In a statement, Joe Biden cited evidence provided in the IDF’s initial inquiry, saying the “preliminary investigation has indicated that it was the result of a tragic error resulting from an unnecessary escalation”. The US president also told reporters that Eygi was killed probably as the result of a bullet ricochet, and “apparently it was an accident”.
But a Washington Post report said that protests had subsided before Israeli forces opened fire, indicating that there was no immediate threat to the soldiers and little justification to target Eygi or any other protesters with live fire.
According to the investigation, Eygi was “shot more than a half-hour after the height of confrontations in Beita, and some 20 minutes after protesters had moved down the main road – more than 200 yards (183 metres) away from Israeli forces”.
The potential target, a Palestinian teenager who was wounded by Israeli fire, was standing about 18 metres away from Eygi, witnesses told the Post.
The investigation was based on accounts from 13 witnesses and more than 50 videos and photos provided by the International Solidarity Movement, as well as Faz3a, another Palestinian advocacy group.
The IDF did not reply to the Post’s requests for comment about why live ammunition was used against the protesters or the identity of the “instigator” of the violent protest cited by the IDF in its initial inquiry.
As a rule, the IDF investigates itself in cases where protesters in the region are targeted with violence at the hands of its soldiers. Eygi’s family and other human rights advocates have publicly demanded that the US open an independent inquiry into her death, but a state department spokesperson said earlier this week that there were no plans at the moment to do so.

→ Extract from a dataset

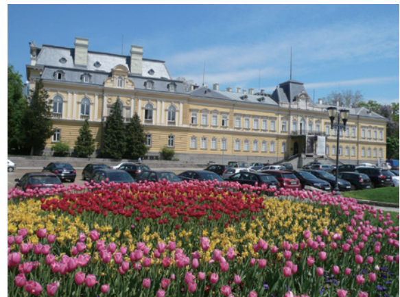
▲圖10、保加利亞國家美術館

The Post report did describe a chaotic scene after Friday prayers in the town of Beita, where young Palestinians put up barricades and threw rocks at Israeli soldiers, who, in turn, opened fire with teargas and live ammunition. But the protests had died down and Eygi had retreated to an olive grove far from the soldiers, about 180 metres away, before she was hit by a bullet in the head, killing her.
After Biden’s remarks, Eygi’s family said in a statement: “President Biden is still calling her killing an accident based only on the Israeli military’s story. This is not only insensitive and false, it is complicit in the Israeli military’s agenda to take Palestinian land and whitewash the killing of an American.”
Biden, in his statement, did not order an independent inquiry and appeared to indicate that US officials were making their conclusions based entirely on evidence provided by the IDF.
Biden said the US has “had full access to Israel’s preliminary investigation, and expects continued access as the investigation continues, so that we can have confidence in the result”.